**Data for the task**:
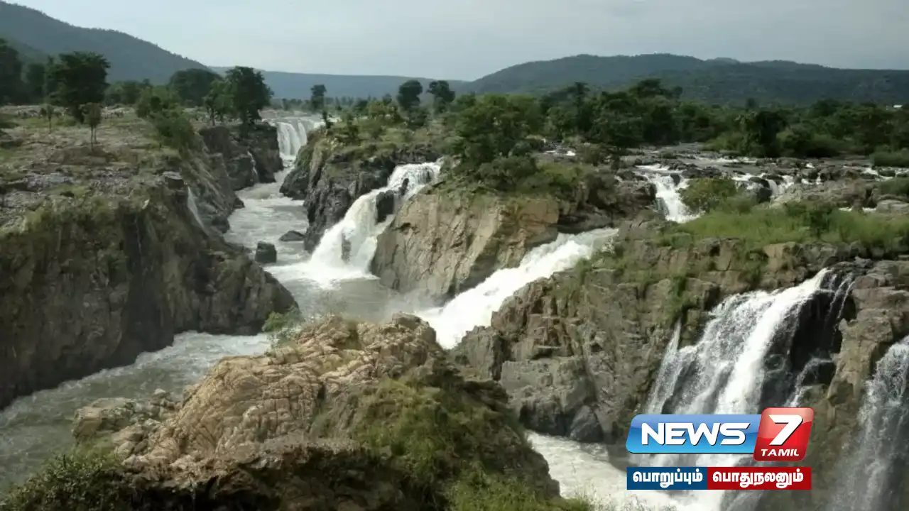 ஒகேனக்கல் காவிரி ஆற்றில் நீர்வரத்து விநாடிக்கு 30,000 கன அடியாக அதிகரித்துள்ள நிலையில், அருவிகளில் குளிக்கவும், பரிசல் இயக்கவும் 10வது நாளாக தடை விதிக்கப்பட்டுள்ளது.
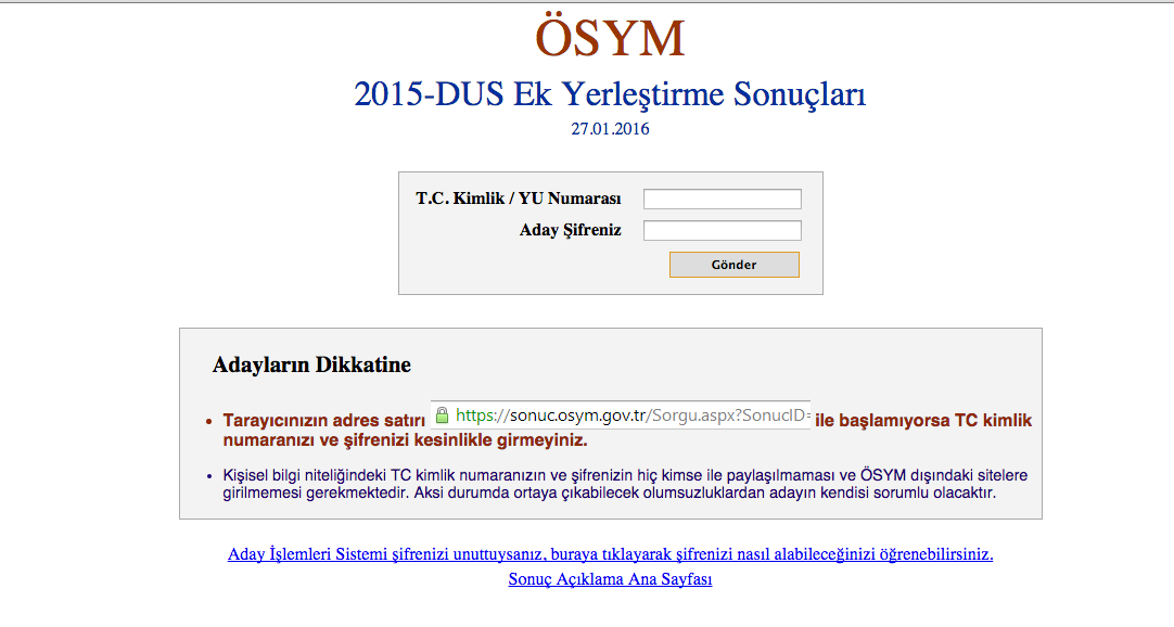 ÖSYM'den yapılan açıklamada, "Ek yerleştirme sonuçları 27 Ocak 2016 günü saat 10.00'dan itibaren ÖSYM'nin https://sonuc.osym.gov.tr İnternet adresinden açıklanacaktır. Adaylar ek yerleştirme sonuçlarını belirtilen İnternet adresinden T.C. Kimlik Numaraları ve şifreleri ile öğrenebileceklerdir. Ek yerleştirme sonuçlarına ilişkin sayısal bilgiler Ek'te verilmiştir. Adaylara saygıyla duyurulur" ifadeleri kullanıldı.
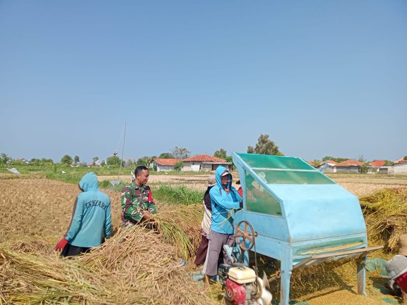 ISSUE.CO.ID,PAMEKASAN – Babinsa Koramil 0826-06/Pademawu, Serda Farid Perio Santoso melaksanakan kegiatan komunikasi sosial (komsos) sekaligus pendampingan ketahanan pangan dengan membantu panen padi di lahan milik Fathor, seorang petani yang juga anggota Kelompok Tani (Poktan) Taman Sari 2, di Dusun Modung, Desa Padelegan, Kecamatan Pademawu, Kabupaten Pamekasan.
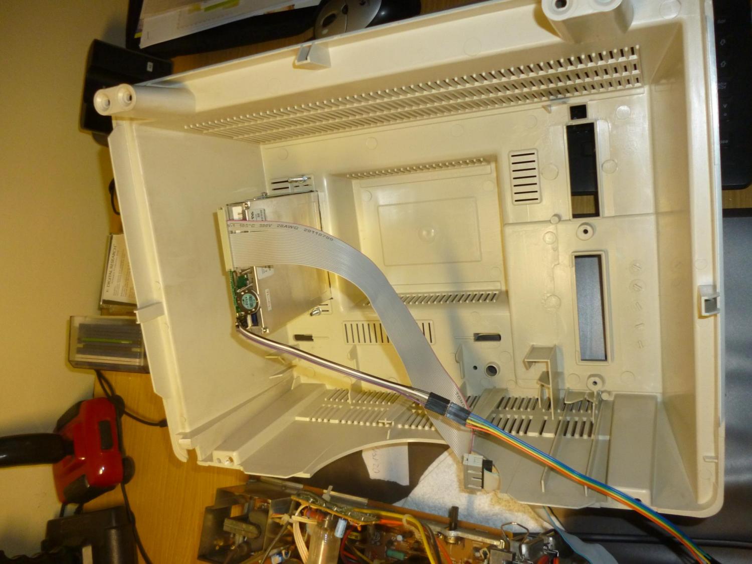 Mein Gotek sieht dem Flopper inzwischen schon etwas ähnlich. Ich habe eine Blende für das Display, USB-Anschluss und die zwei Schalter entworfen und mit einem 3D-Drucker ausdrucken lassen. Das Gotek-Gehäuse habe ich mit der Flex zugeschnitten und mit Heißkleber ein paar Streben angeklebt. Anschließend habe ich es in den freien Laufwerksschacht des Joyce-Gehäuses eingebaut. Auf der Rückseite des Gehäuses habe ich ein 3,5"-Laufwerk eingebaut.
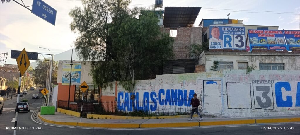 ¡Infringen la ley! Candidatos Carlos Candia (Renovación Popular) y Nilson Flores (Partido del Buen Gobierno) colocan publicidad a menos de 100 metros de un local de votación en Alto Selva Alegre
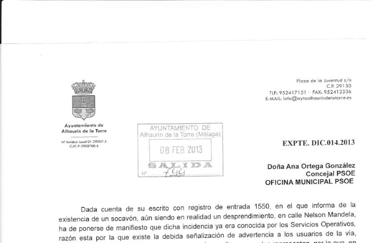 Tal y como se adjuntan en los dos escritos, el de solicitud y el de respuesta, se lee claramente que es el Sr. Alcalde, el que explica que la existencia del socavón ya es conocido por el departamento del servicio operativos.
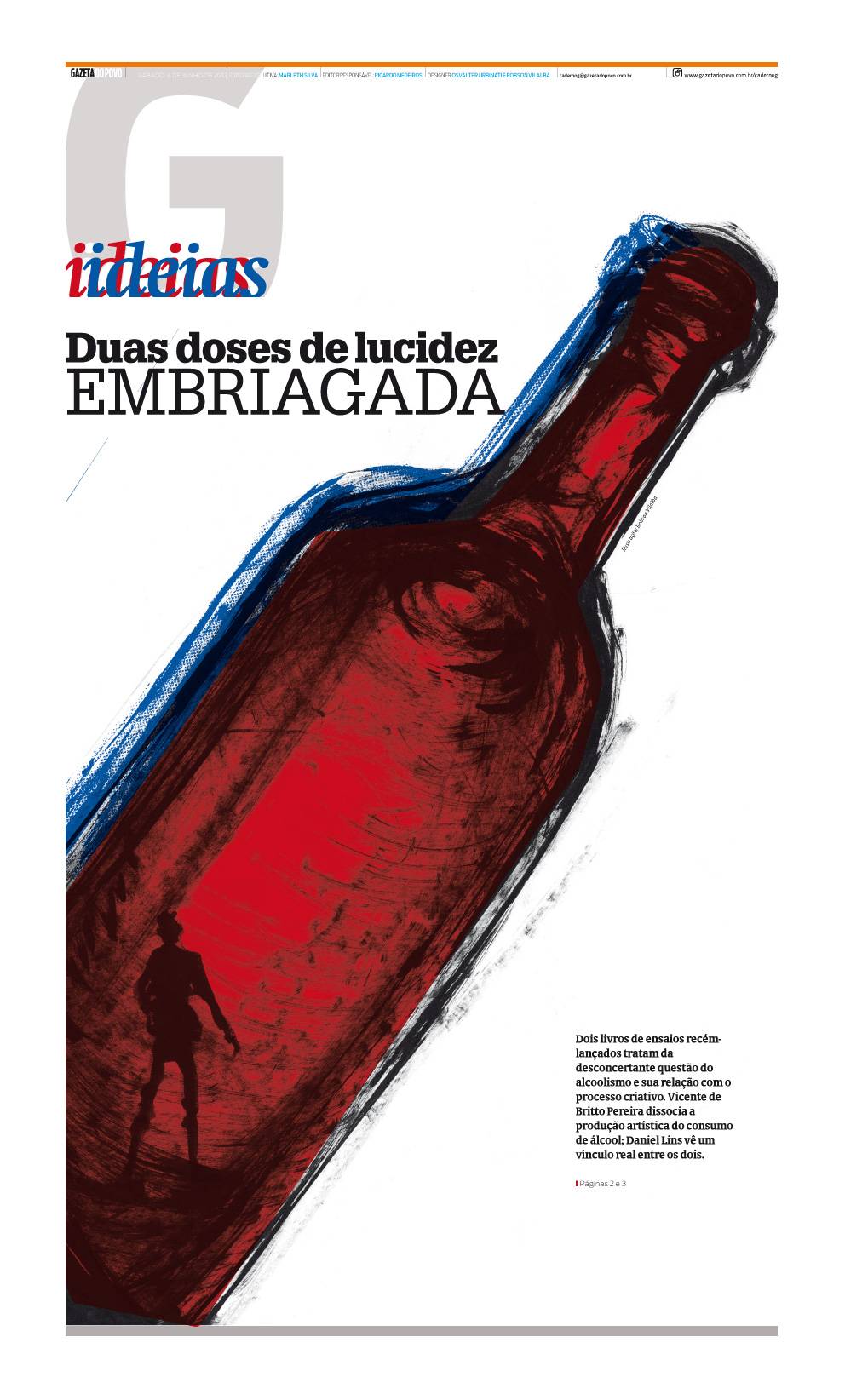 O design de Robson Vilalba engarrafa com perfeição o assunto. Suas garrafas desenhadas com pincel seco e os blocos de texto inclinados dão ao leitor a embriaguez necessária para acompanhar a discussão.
---
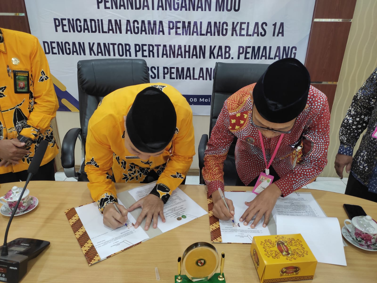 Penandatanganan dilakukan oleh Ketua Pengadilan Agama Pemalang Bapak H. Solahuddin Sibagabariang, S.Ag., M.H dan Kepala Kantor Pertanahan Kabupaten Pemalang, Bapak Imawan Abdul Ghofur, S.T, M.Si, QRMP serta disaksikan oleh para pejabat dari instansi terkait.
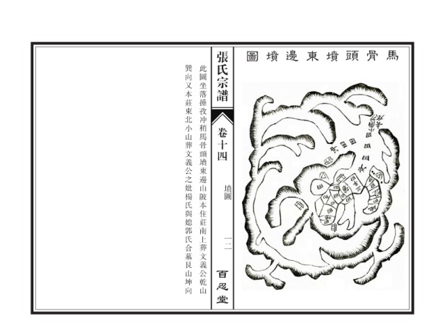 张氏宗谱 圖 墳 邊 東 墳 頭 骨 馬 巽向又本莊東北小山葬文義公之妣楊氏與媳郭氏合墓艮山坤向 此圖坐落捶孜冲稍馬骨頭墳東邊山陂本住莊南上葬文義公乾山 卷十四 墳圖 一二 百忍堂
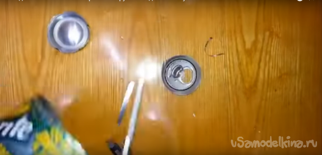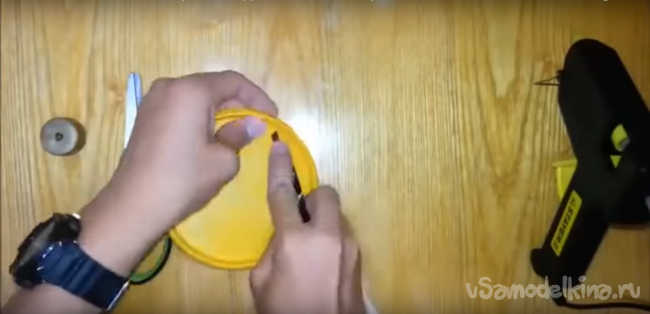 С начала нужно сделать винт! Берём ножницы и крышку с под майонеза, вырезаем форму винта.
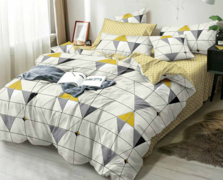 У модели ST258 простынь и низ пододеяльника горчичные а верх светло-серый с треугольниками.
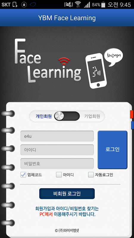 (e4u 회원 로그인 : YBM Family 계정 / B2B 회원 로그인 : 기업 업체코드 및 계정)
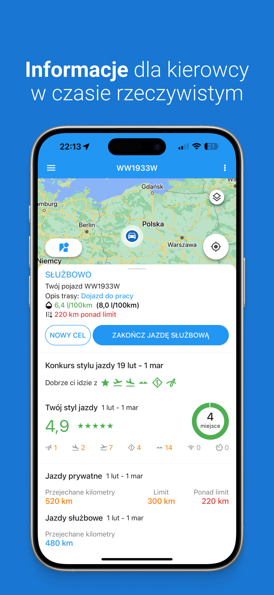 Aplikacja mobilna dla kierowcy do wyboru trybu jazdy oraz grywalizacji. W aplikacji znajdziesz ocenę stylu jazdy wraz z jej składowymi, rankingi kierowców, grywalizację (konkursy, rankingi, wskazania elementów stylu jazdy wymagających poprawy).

**Instructions for the task**: Only the lines above from the one with "(e4u 회원 로그인" to the one with "Aplikacja mobilna dla" should be printed, both included and exactly as written; no picture belongs in the copy.

**Result of the exercise**:
 (e4u 회원 로그인 : YBM Family 계정 / B2B 회원 로그인 : 기업 업체코드 및 계정)
 Aplikacja mobilna dla kierowcy do wyboru trybu jazdy oraz grywalizacji. W aplikacji znajdziesz ocenę stylu jazdy wraz z jej składowymi, rankingi kierowców, grywalizację (konkursy, rankingi, wskazania elementów stylu jazdy wymagających poprawy).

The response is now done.